Als griechischer Grenzsoldat hat Yannis (Andreas Konstantinou) zwei Aufgaben: Nachts verhindert sein Bataillon illegale Flüchtlingsbewegungen an der griechisch-türkischen Grenze, tagsüber räumen sie Minen. Das explosive Metall lagert dort seit dem Zypernkonflikt im Jahr 1974, als sich griechische und türkische Truppen gegenüberstanden. Yannis ist kein gewöhnlicher Soldat, sondern vielmehr eine symbolische Figur: ein lebensmüder Pazifist. Für den Minentrupp hat er sich freiwillig gemeldet: um anderen das Leben zu retten, an dem ihm selbst nichts mehr liegt.
„Riverbanks“ ist ein hochaktueller Beitrag zur Flüchtlingskrise – politisch und psychologisch etwas überladen, könnte man meinen. Doch was Regisseur Panos Karkanevatos in seinem Drama verdichtet, ist traurige Realität. Überall entlang der Außengrenzen Europas nehmen Menschen tödliche Risiken auf sich, auf der Flucht vor Hunger, Krieg und Perspektivlosigkeit. Und hier haben auch in der Vergangenheit einmal Kriege stattgefunden, ob am Evros oder auf der sogenannten Balkanroute über Mazedonien und Serbien. Doch das Wissen darüber ist verschüttet – wie die Minen unter der Erde.
Chryssa (Elena Mavridou) gehört zu einer Schlepperbande, die Flüchtlingskinder in diesem Gebiet als Drogenkuriere benutzt. Viele der Kinder überleben die nächtliche Reise nicht. Wenn Yannis im Bett der Kaserne eine Explosion hört, krampfen sich seine Hände zusammen. Als er Chryssa einmal im Minenfeld begegnet, mit einem kurdischen Jungen an ihrer Seite, lässt er sie laufen. Sicher, er hat sich verliebt. Aber er scheint auch zu ahnen, dass diese innerlich verhärtete Frau Gründe für ihr Handeln hat; nur vom Obstverkauf auf dem Markt kann die alleinerziehende Mutter nicht leben. Und bessere Jobs gibt es im krisengeschüttelten Griechenland gerade kaum. Obendrein ist der Chef der Schleuserbande der Vater ihres Kindes. Um Kinder als Ware zu betrachten, die gelegentlich nicht ankommt, muss ja schon einiges zusammenkommen.
Regisseur Panos Karkanevatos, der auch als Fernsehjournalist arbeitet, entschuldigt nichts davon – im Gegenteil: Er zeigt die ganze Brutalität des Schleppergeschäfts.

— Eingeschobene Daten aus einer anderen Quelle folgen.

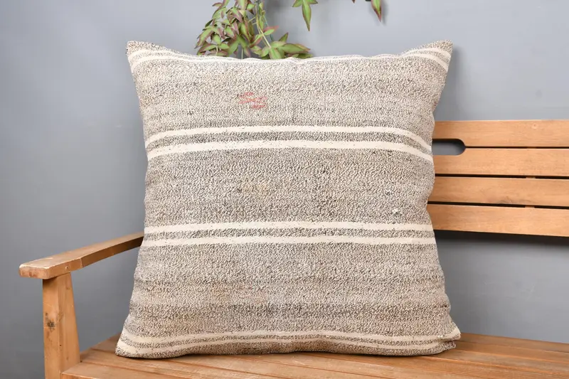 Beige-weiß gestreiftes Kissen, handgefertigtes besticktes Kissen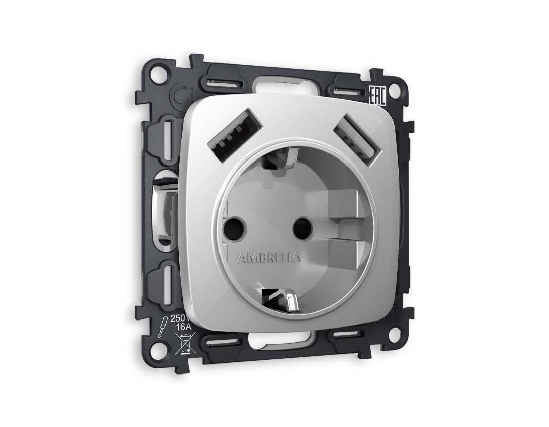 Комплект механизма электрической розетки AMBRELLA VOLT OMEGA Серебро глянец 2USB A+A 18W (быстрая зарядка) с/з QUANT (OP4090, VM155) MO409010

Doch ohne die größeren ökonomischen Zusammenhänge ist auch dieses nicht zu begreifen. Denn an den Grenzen Europas trifft Leid auf noch größeres Leid.
Der Film, jungen Flüchtlingen gewidmet, ist eigentlich einer über die Krise in Griechenland, die längst eine europäische Dimension umfasst. Yannis, der pazifistische Soldat mit unmöglicher Aufgabe, handelt in europäischem Auftrag. Die Fluchtursachen in Syrien, Irak oder Afghanistan spielen im Film keine Rolle. Der Anblick eines zerfetzten Spielzeugteddys im Minenfeld muss genügen; es gibt schon zu viele Details, in denen sich der Film etwas verliert: Internationale Hintermänner telefonieren in Luxuskarossen, ein Schleuser mit zu hoher Todesquote wird erschossen, selbst der Adoptionshandel mit entkommenen Waisenkindern darf nicht fehlen. Es sind Randphänomene des wirklichen Problems, die Yannis und Chryssa – man weiß das von Anfang an – zusammenschweißen. Gemeinsam wollen sie dem Drama entkommen. Wenn nichts mehr hilft, tut es vielleicht die Liebe.
„Riverbanks“ überzeugt durch starke Schauspielleistungen, ruhige Naturaufnahmen und eine fast thrillerartige Handlung, die die Schönheit der Landschaft immer wieder Lügen straft. Menschen mit Rucksäcken streifen durch Kornfelder, für die Handlung aber scheinen sie so unerheblich wie für das Weltgeschehen. Doch jeder Einzelne zählt: Jede Geschichte ist wichtig, auch wenn man sie nicht erfährt. Der Wechsel von atmosphärischer Dichte und allergrößter Verlorenheit mündet schließlich in einem Finale, das die Zusammenhänge noch einmal vor Augen führt: packend – und natürlich auch symbolisch. Bei solch ernüchternden Tatsachen muss das erlaubt sein.